A final shift of emphasis in Sun’s marketing activity relates to a new emphasis on customer insight, aimed at understanding customers’ needs and empowering marketing to add value. Sales and service personnel are being encouraged to gather and feed back insights gained from customer interactions via an email alias. “These often unstructured comments are analysed and segmented and then distributed to the marketing team to assist in the development of value propositions,” Avis explains.

Far from being something that Sun pays lip-service to, it is viewed as critical to its evolution and, correspondingly, is treated very seriously. “I have appointed a customer insight manager in my team, and this is a very senior person,” says Avis, “it is not a clerical job.”

Avis claims this insight drive is already starting to have an impact, identifying space and power requirements in the data centre – due to gradual escalation in concerns over energy issues – as a differentiator. The language used to promote the new SunFire server range has been directly influenced by this. “We are promoting it as the world’s first eco-friendly server, and the fact that it is cooler, cheaper energy-wise and smaller,” he says. Such messages are certainly unusual in the dry world of technology marketing.

 

Although Avis is enthusiastic regarding what has already been achieved, he is quick to point out that the change process is still relatively new and has a long way to go – at least another two years, according to the plan.

He also acknowledges that there has been resistance, and interestingly that much of it has come from within the marketing function. “Sometimes marketers are uncomfortable with being part of a bigger team. All they want to do is execute their campaigns, and actually prefer to work in isolation. It can be quite a leap to have to work on the board of a business unit amongst other people. But the whole business is going on a journey, and we have to be totally collaborative and break down barriers.”

Lessons have be learned along the way, explains Avis, particularly with regards to ownership of the customer, an issue on which he suggests conflict arose with sales. “We have pulled back from suggesting that marketing owns the customer,” he says, but adds that the objective is for marketing to own the pipeline.

Avis also claims that sales and marketing interdepartmental co-operation has been strengthened by the success of the first Sun Live event, held last summer at The Brewery in London. “Sales people were blown away by Sun Live. It was a fantastic event for them to bring their customers to.”
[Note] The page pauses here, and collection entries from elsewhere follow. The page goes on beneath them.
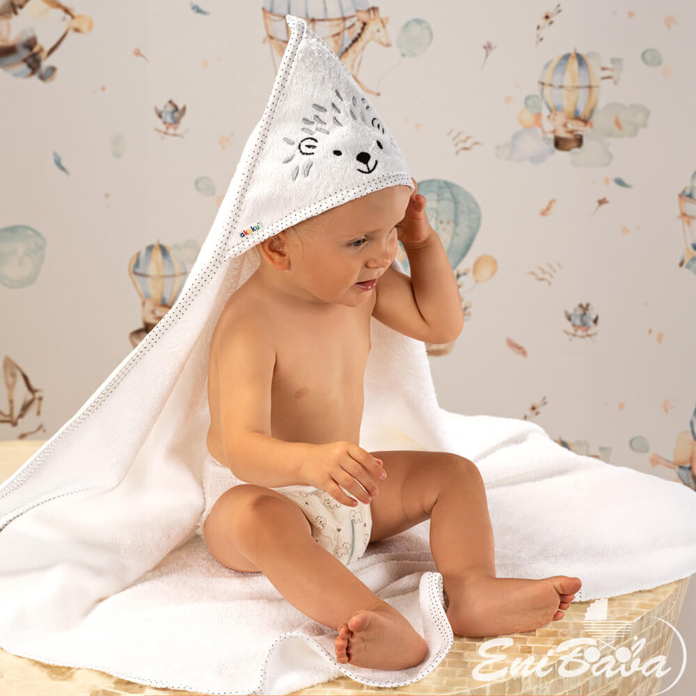 A fehér színű törölköző letisztult és elegáns megjelenést biztosít, amely minden fürdőszobai környezethez illeszkedik. Az egyszerűségében rejlik a szépsége, így nem csupán praktikus, de esztétikus kiegészítője is lehet a babaápolási kelléktárnak.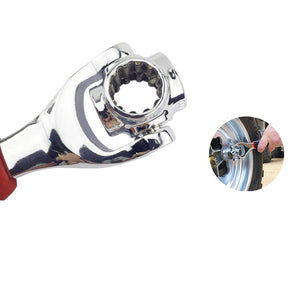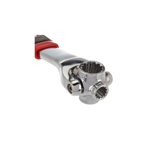 Cheie universala 48 in 1.Dispune de o varietate de capete care pot fi utilizate in majoritatea situatiilor.Se poate schimba cu usurinta capatul pentru dimensiunea de care aveti nevoie printr-o simpla rotire.Cheia poate fi folosita si din pozitia inclinat.Este asadar, foarte utila si inlocuieste cu succes trusele de chei atat de voluminoase si greu de transportat.O unealta cu adevarat revolutionara.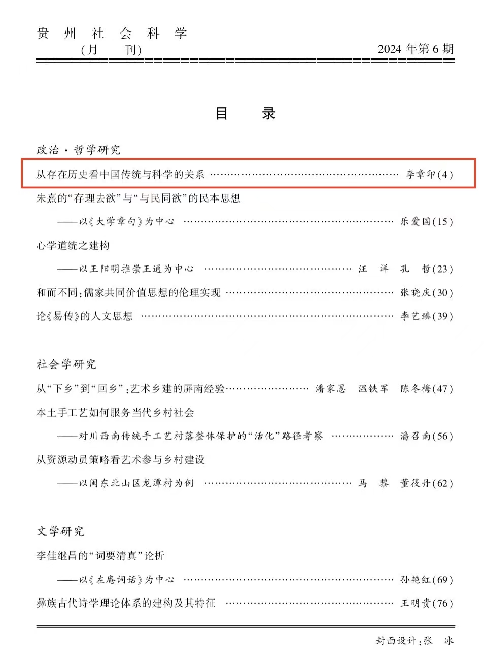 近日,beat365英国官方网站李章印教授在《贵州社会科学》2024年第6期上发表了题为《从存在历史看中国传统与科学的关系》的高质量论文。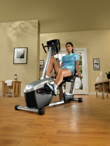 Compact stationary recumbent exercise bike with 6 preset programs and 16 resistance levels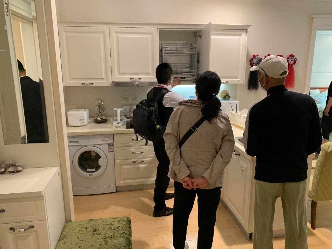 在随后的第二阶段实地参观体验环节,学院师生分小组在泰康工作人员的带领下参观了泰康之家燕园体验馆生活区、照护区、智能康复训练区,工作人员细致地为大家介绍每一处的适老化设施与设计,无论是大到新风、控温、净水、灯光等系统,还是小到桌椅板凳、门缝猫眼,处处都可见泰康之家适老化设计的心细如发。从基础设施支撑周期跨度超十年的运筹规划,到理念超前的服务载体和人文关怀,参访师生在实地体验环节中更加直接感受到蕴含在这背后的泰康集团管理机制的支撑保障。

A further, and perhaps more critical, reason for the swift resolution of conflicts from this change process has been because of the commitment to the process and leadership of Trudi Norris-Grey. Avis is adamant that without this, the change process that the company has embarked on would not have even worth been considering. And this applies to other companies. “Marketing directors cannot change things fundamentally without support from this very top,” he says. “You can’t do this by yourself.”

 

Avis clearly has a close working relationship with Norris-Grey, not to say considerable respect for her. This is in no doubt due – at least in part – to the fact that, like him, her background includes spells in marketing, as well as other business areas including sales. She originally trained as an accountant.

Both Avis and Norris-Grey came to marketing later in their careers, and whilst both have a great passion for it, their view of it has been shaped by their exposure to other disciplines. For them, and marketers like them, marketing is simply a functional tool, which must be mastered and utilised to help the organisation achieve its objectives. It is a means to an end.

“I had an aspiration to get into marketing,” explains Avis, “and I think marketing has come in my direction. It used to be about producing large amounts of collateral.” Today, Sun Microsystems’ marketing efforts are tightly focused on helping to drive the business, and Avis plays a strategic role in ensuring this is met.

Whilst this new accountable approach may lack the pizzazz or presence of what has gone before, it will also almost certainly cost dramatically less and is likely to generate better results. If it succeeds over the next three years, it will enable Sun to take back its place amongst the Silicon Valley elite.